Her bahardan izler taşır sıla özlemiyle kıvranan yalnızlığım,
Yakar yüreğimi gurbeti çoğaltan alın yazım.
Yaklaştıkça ölüme sallanan bedenim,
Boztepe sırtlarından denizi seyreder
Tek yapraklı ağlayan ağacım! ..
Bilirim esmedikçe rüzgar, konuşamaz tek bir kelime
Unutur kimler geldi, kimler geçti adını soran...
Ne düşler yandı alevsiz, ne acılar ıslandı yağmursuz
Ve neden kaldı adı “ağlayan ağaç” unutur, unutulur!

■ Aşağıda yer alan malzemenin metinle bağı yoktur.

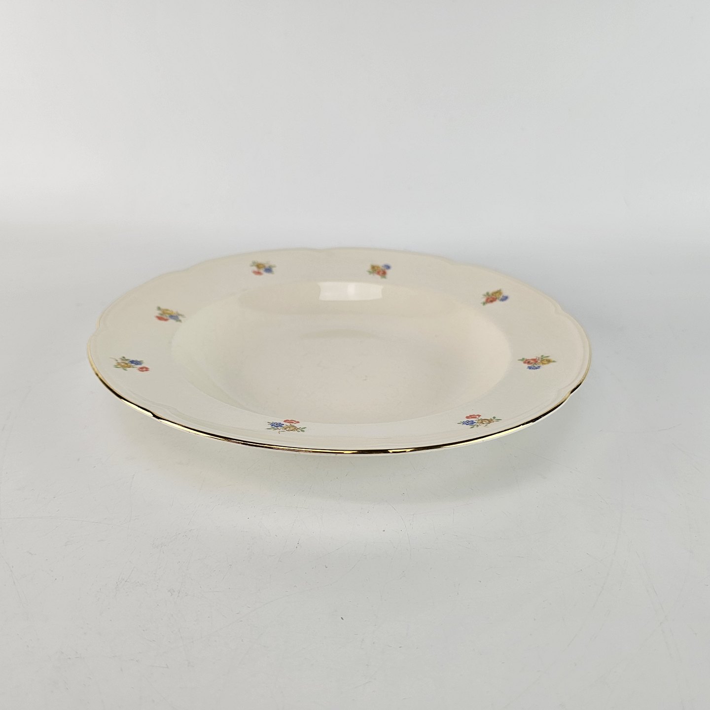 Anna Sofie er hvidt fajance dekoreret med guld kant og små farverige blomster
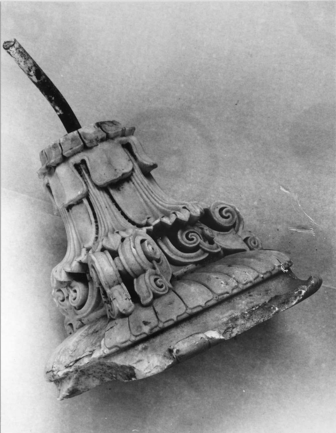 Chapiteau en marbre blanc avec goujon en métal cuivreux, provenant de la chapelle. Décor et partie de balustre faisant bras de lumière
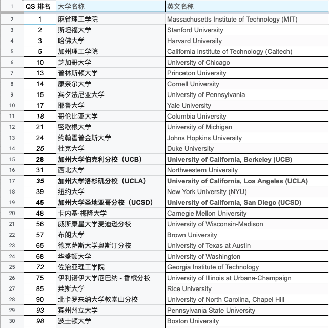在QS世界排名上,美国和中国有29所排在前100名的大学。

Kim bilir kaç hüzne tanık oldu gölgesi,
Kaç kelime terledi yanağında anlamını bulamayan
Kaç umut söndü yeşermeden düşe kalka büyüyen
Ve nice güzel söz düştü dibine söylenemeyen...

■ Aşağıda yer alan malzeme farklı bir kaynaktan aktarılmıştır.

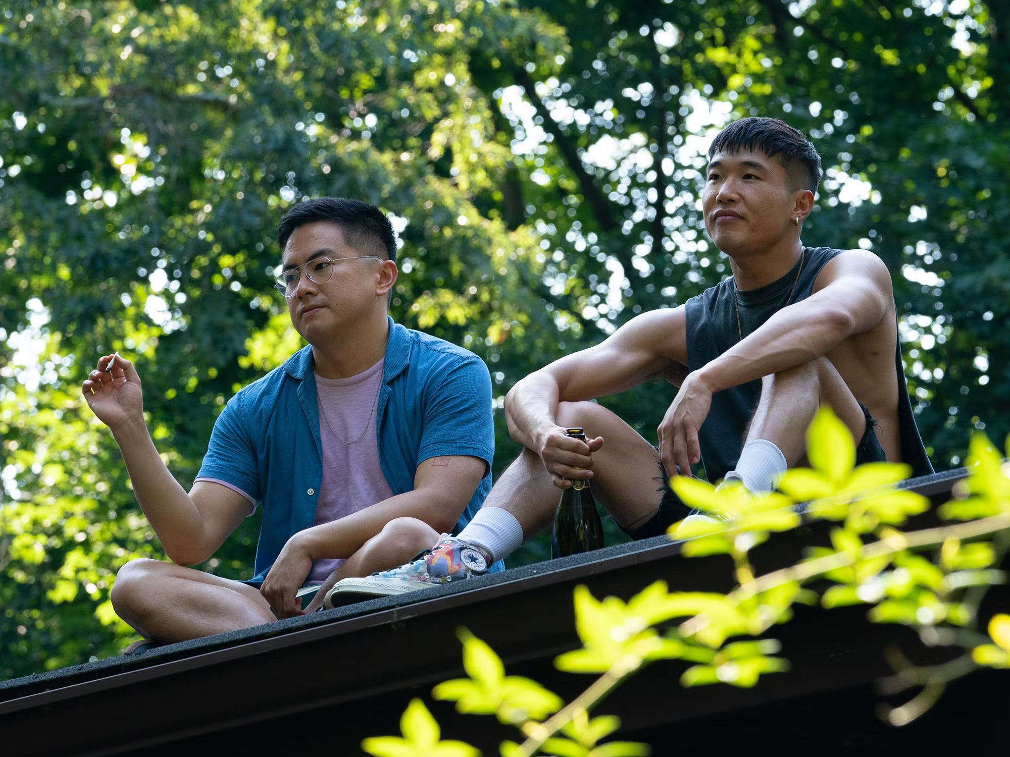 Pride and Prejudice is both a biting social satire and a love story, the latter leading to many attempts to recreate Firth’s infamous damp shirt scene. Rather than go the obvious route à la Bridgerton earlier this year, Fire Island subtly opts for a shirtless argument. I use subtly here because even though it occurs after attending an event with barely a stitch of clothing, it is not as blatant as a wet white top would be.
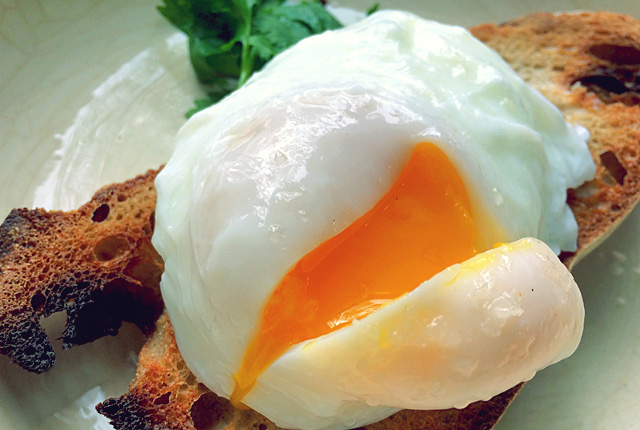 Portugiesische Brotsuppe mit Ei auf Teller
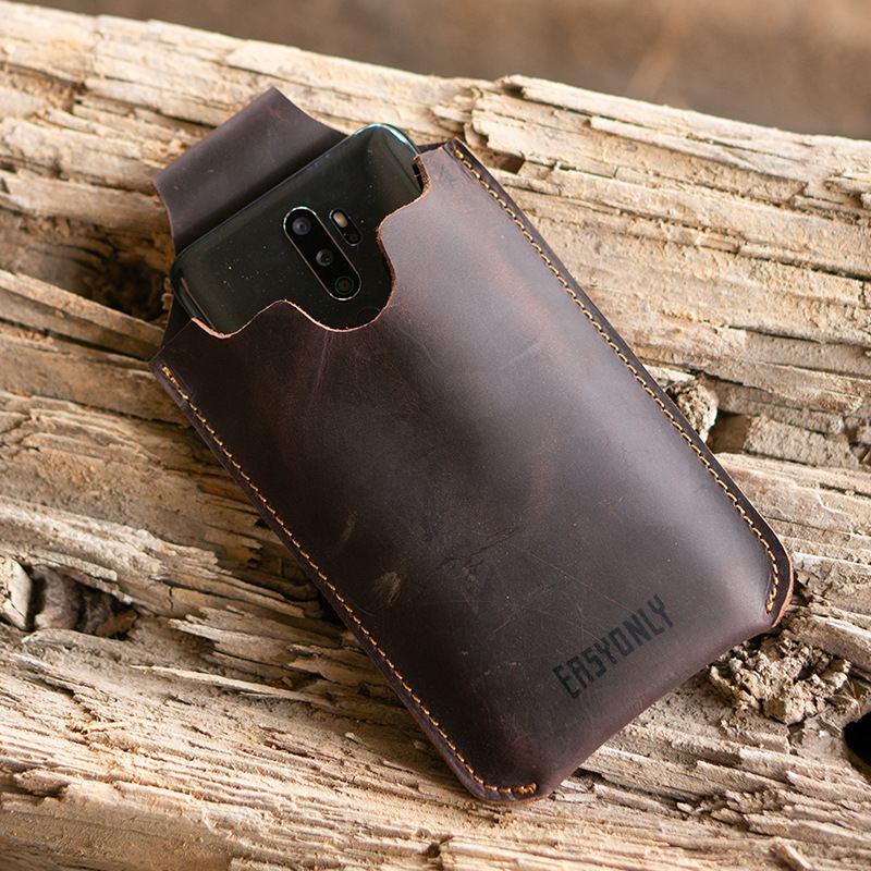 Ultratenká Pravá Hovězí Kůže Kapsy Na Mobilní Telefon Sportovní Harley Taktické Pouzdro Na Nosný Opasek Vertikální Pro Muže
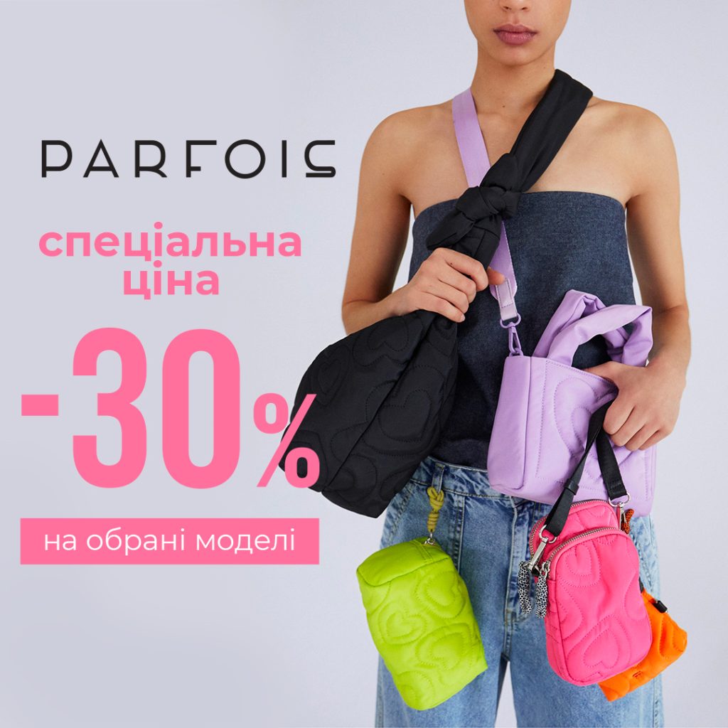 08.04.2023 Parfois 🌸Спеціальна пропозиція від Parfois на нову колекцію🌸 Додавай стильних та яскравих аксесуарів в свої весняні образи🦋 Знижка -30% на обрані моделі із сезону весна-літо‘23 з 04.04.23 по 01.05.23

Bir nesneye bakar gibi kaç sevgili bakıştı yeşilinde
Birbirine dokunamadan,
Kaç yalan söz çınladı kulaklarda, utancından kızaran
Ve kaç bahar yaş döktü son perdesinde,
Yazını tanımadan...
Oysa ki; dört mevsim de sonbahardı onda! ..
Şimdi duy beni ey ağlayan ağaç;
Buluğa erdikçe ruhum
Acı içinde kıvranıyor dilsiz sözlerim.
Sırtımda hançer, taşlanıyor öksüz yüreğim
Ve uzağı seyrediyor artık rengini yitirmiş ıslak gözlerim...
Gözlerim ki, hiç rengini bilmedi,
Hiç renginde bakmadı! ..
Rukiye Çelik
04.08.2008 11:15:00
Kayıt Tarihi : 4.8.2008 11:15:00
© Bu şiirin her türlü telif hakkı şairin kendisine ve / veya temsilcilerine aittir.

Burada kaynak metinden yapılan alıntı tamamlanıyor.